The seventh chapter (A. West) explores and reflects on how close attention paid to each moment in free musical improvisation (FMI) requires an aesthetic attitude and may offer a model for understanding pivotal moments in the therapeutic encounter. The author discusses commonalities between these two settings from the perspective of experience in both clinical psychiatry and as a musician. By drawing on the aesthetic experience that may arise in immersive practice of FMI, this chapter reflects on how a parallel nature of such aesthetic experience may also arise and be noticed in the therapeutic encounter. This includes attention to the intrinsic qualities of the moment, awareness of relational process, and responsivity in unique and unscripted moments that may contribute opportunities for developmental and therapeutic change. The author proposes that a better understanding of improvisational process thus becomes an ethical responsibility, given the uniqueness of individual experience. Lived experiences and imagined clinical examples are provided alongside relevant literature from psychotherapeutic theory and musical improvisation to illustrate this view.

The eighth chapter (J. Tan et al.) describes how rich aesthetic experience may come into play in the field of eating disorders alongside the objective evidence base in treatment and outcomes. The authors focus on exploring how engagement with the arts can offer a way of exploring the domain of aesthetic experience that is ‘felt’ as embodied experience, allowing it to be expressed, for emotion to be accessed, and for meaning to unfurl that may be hard to express through spoken words. They illustrate this with a range of examples from research quotes, song lyrics, poetry, creative art, and practice. They suggest that acknowledging aesthetic experience in the field of eating disorders is important in understanding and exploring these disorders, for both people who have eating disorders and also for those to seek to treat them.
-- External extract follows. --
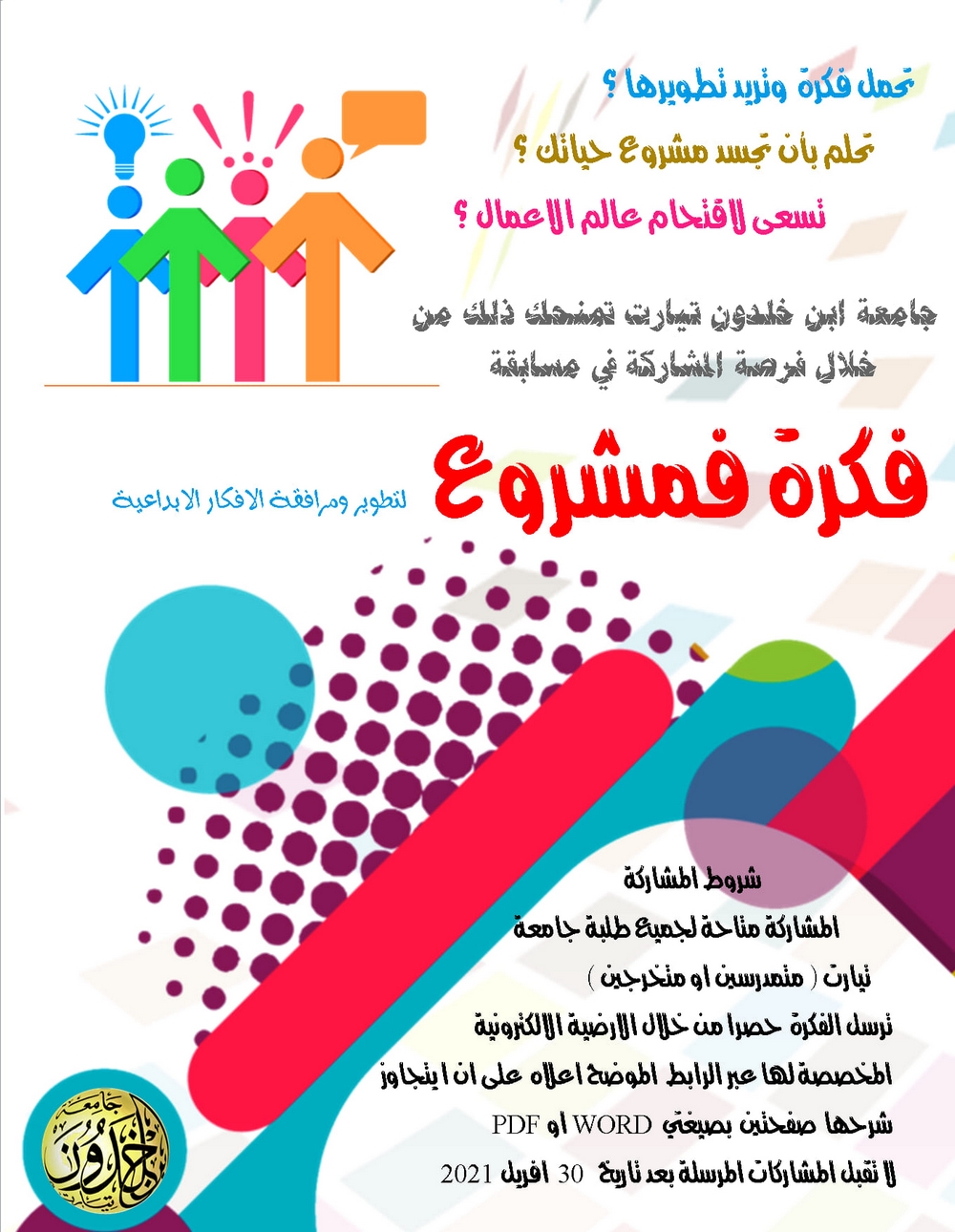 في إطار استراتيجيتها الرامية الى تطوير ومرافقة الافكار الابداعية, تطلق جامعة ابن خلدون مسابقة تنافسية موسومة بـ فكرة فمشروع وذلك لفائدة طلبة جامعة ابن خلدون تيارت خريجين كانوا او متمدرسين.

The ninth chapter (A. Dempsey) offers reflections combined from the author’s practice-based experience in aerial dance; as a doctor leading a trauma group; from teaching medical students, and aspects of doctoral research in theological aesthetics.

The author considers how disparate concepts can be held in mind conjointly. Parallels are drawn between the immediacy of connection between technical and experiential knowledge required in ariel dance with components required in facilitating a trauma healing group. The latter similarly combines factual knowledge balanced with felt sense and awareness of being present to to others as a participant. Further analogies for holding disparate concepts in mind, such as earthly and spiritual, are explored in relation to theological imagination and aesthetic experience. The first relates to Kierkegaard’s dancer especially in the landing back to earth. The second, arises as the author perceives the priest’s movements in the Eucharist which are sensed as a way of uniting spirituality with everyday lives in the human world.

The author considers how these examples including aesthetic experience may reveal how awareness of different realms of knowing may be united and drawn upon in teaching for reflection on offering more holistic and compassionate care.

Saito, Y. (

2007
).
Everyday aesthetics
. Oxford University Press.

Saito, Y. (

2017
).
Aesthetics of the familiar: Everyday life and world-making
. Oxford University Press.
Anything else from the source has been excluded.